Natera, Inc. (NASDAQ: NTRA), a global leader in cell-free DNA and genetic testing, today announced that its Prospera Lung test has met coverage requirements from the Centers for Medicare & Medicaid Services’ (CMS) Molecular Diagnostics Services (MolDX) Program for single lung transplant (SLT) recipients. This coverage applies to SLT patients in the surveillance setting.

SLT patients make up ~20% of all U.S. lung transplants¹. These patients are at an increased risk for acute rejection and also for complications from invasive procedures like biopsies due to common factors including advanced age, frailty, comorbidities, and functional dependency on a single lung. This creates an increased need for non-invasive monitoring solutions, like Prospera Lung.

The performance of Prospera Lung for SLT patients was published earlier this year from the Single Lung Allograft Monitoring (a.k.a. SLAM) study, the largest study of commercial donor-derived cell free DNA (dd-cfDNA) tests in SLT to-date. The data demonstrated excellent performance for Prospera in distinguishing rejection, infection, and chronic lung allograft disease (CLAD) from stable patients with an AUC-ROC of 0.85. These results are on par with Prospera’s outstanding performance in double-lung transplants, and can ultimately provide confidence to rule out rejection, highlighted by a sensitivity of 77.8%, specificity of 84.6%, and a negative predictive value (NPV) of 96.8%.

“We are pleased to be the first and only dd-cfDNA test validated and approved by CMS for SLT patients,” said David Ross, MD, senior medical director for lung transplant at Natera. “Lung transplant survival is among the worst compared to other organs, even more so for SLT patients where the median survival is just 4.7 years post-transplant and with higher risk for both acute and chronic rejection. It is critical to patient care that SLT patients have the option for non-invasive monitoring to avoid biopsy complications in these challenging cases.”

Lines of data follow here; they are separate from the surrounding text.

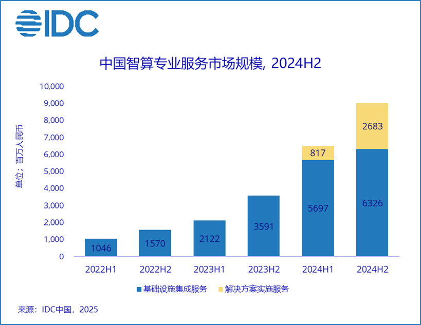智通财经APP获悉,国际数据公司 (IDC)最新发布的《中国智算专业服务市场(2024下半年)跟踪》报告显示, 2024下半年中国智算专业服务整体市场规模达到90.1亿元人民币。其中,智算基础设施集成服务市场同比增长76.2%,市场规模达63.3亿元人民币;智算解决方案实施服务市场本期首次披露,市场规模达26.8亿元人民币。
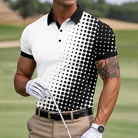 Herr Cirkel Golf Sport pikétröjor Kortärmad Polotröjor Skjortor med krage Ledigt Utomhus Sport Dagliga kläder 3D-utskrift Sommar Sjöblå Vit Blå
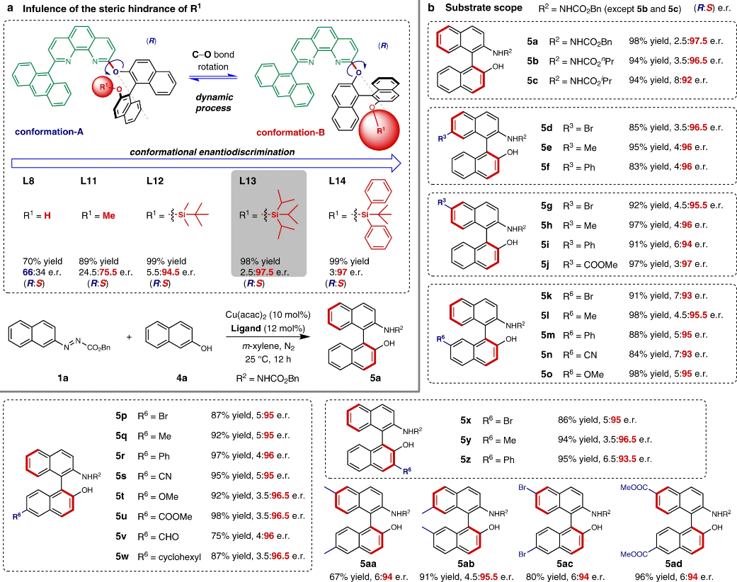 在此,华东理工大学化学与分子工程学院赵梅欣副教授和张志鹏教授团队报道了一种由非手性催化活性单元(N,N-双齿-1,10-菲罗啉)和轴向手性1,1′-联-2-萘酚(BINOL)单元通过C-O单键连接而成的手性催化体系。通过单晶x射线衍射确定了C-O键旋转诱导的两种催化剂构象,发现它们分别生成了高度重要的轴向手性1,1′-联-2-萘胺(BINAM)和2-氨基-2′-羟基-1,1′-联萘(NOBIN)衍生物,产率高达98%,具有优良的对映选择性(高达98:2 e.r)和相反的绝对构型。这一结果强调了不对称催化中手性催化剂构象动力学的重要性。
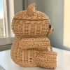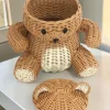 Artisan Wood Decor Cute Bear Rattan Storage Basket
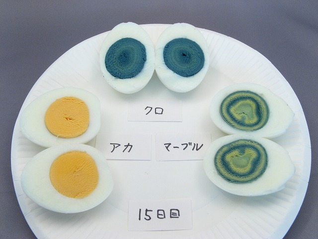 にわとりの餌に赤い色素のパプリカを添加した鶏、黒い色素を2日おきに添加した鶏、そして黒い色素を添加し続けた鶏、それぞれのゆでたまごはこうなります(゚Д゚;)
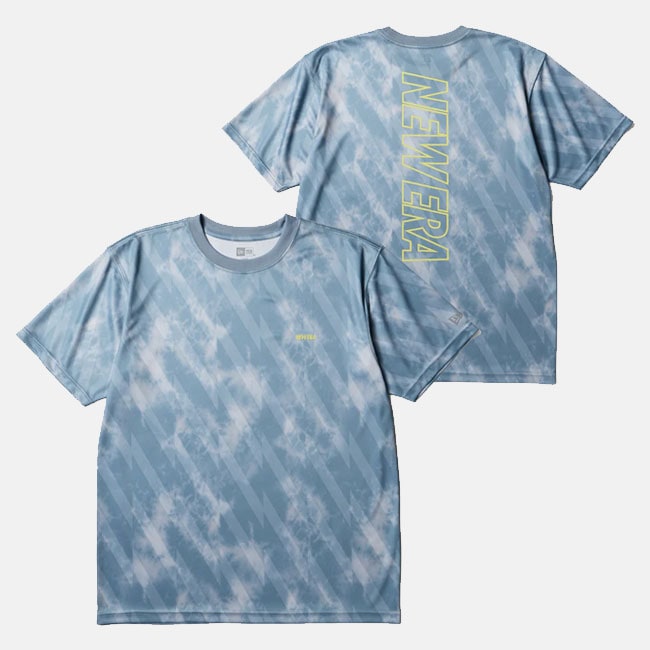 NEW ERA ニューエラ 半袖 テックTシャツ タイダイ Allover Wordmark Logo ブルーグレー | パフォーマンスアパレル 14744524

Since the initial validation and launch in 2022, the Prospera Lung test first received CMS coverage for double-lung transplant patients in 2023 and is now used by more than half of lung transplant centers in the United States.

About Prospera

The Prospera™ test leverages Natera’s core single-nucleotide (SNP)-based massively multiplexed PCR (mmPCR) technology to identify allograft rejection non-invasively and with high precision and accuracy, without the need for prior donor or recipient genotyping. The test works by measuring the fraction of donor-derived cell-free DNA (dd-cfDNA) in the recipient’s blood. It may be used by physicians considering the diagnosis of active rejection, helping to rule in or out this condition when evaluating the need for diagnostic testing or the results of an invasive biopsy. The Prospera test has been clinically and analytically validated for performance regardless of donor relatedness, rejection type, and clinical presentation.

About Natera

Natera™ is a global leader in cell-free DNA and genetic testing, dedicated to oncology, women’s health, and organ health. We aim to make personalized genetic testing and diagnostics part of the standard of care to protect health and inform earlier, more targeted interventions that help lead to longer, healthier lives. Natera’s tests are validated by more than 250 peer-reviewed publications that demonstrate high accuracy. Natera operates ISO 13485-certified and CAP-accredited laboratories certified under the Clinical Laboratory Improvement Amendments (CLIA) in Austin, Texas, and San Carlos, California. For more information, visit www.natera.com.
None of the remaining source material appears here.